Integration: how to produce the inputs¶
This page explains Integration: how to produce the inputs and how it fits into the RecSys suite.
Who this is for¶
Backend / platform engineers wiring recsys-eval into a real recommender stack.
What you will get¶
- What you need to log in your serving system
- How to keep IDs stable and privacy-safe
- A minimal logging plan for each mode
The one rule: always log exposures¶
If you want to measure recommendations, you must log "what you showed". Clicks without exposures are not evaluatable.
Exposure logging (recommended fields)¶
At recommendation time (serving):
- request_id: unique per recommendation request
- tenant, surface: required for segmentation
- user_id or session_id: pseudonymized
- timestamp (ISO-8601)
- the ranked list of items (item_id + rank)
- optional: latency_ms, model_version, config_version, algo_version
- optional for deeper analysis: per-item scores and reasons (if you have them)
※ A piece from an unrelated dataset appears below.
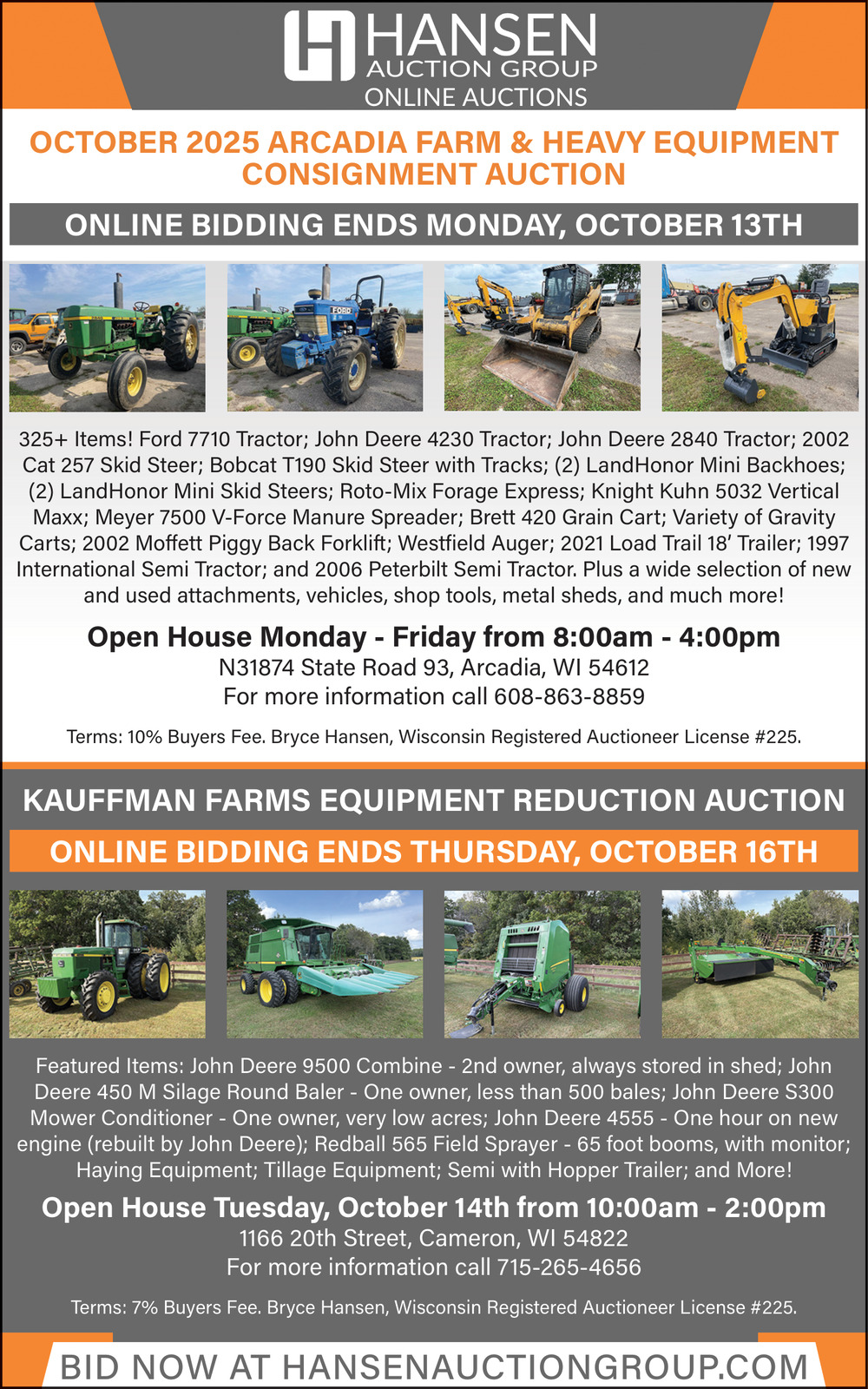 Oct 08, 2025. Hansen Auction Group Real Estate Ads from The Country Today

Minimal JSONL exposure record:
{
"request_id": "req_123",
"tenant": "demo",
"surface": "home",
"user_id": "u_hash_...",
"timestamp": "2026-01-27T12:00:00Z",
"items": [{"item_id": "A", "rank": 1}]
}
Outcome logging¶
After exposure, when the user acts:
- request_id (same one)
- event type: click, purchase, etc.
- item_id (the item clicked/converted)
- timestamp
If you have revenue or value, log it. If you do not, do not invent it.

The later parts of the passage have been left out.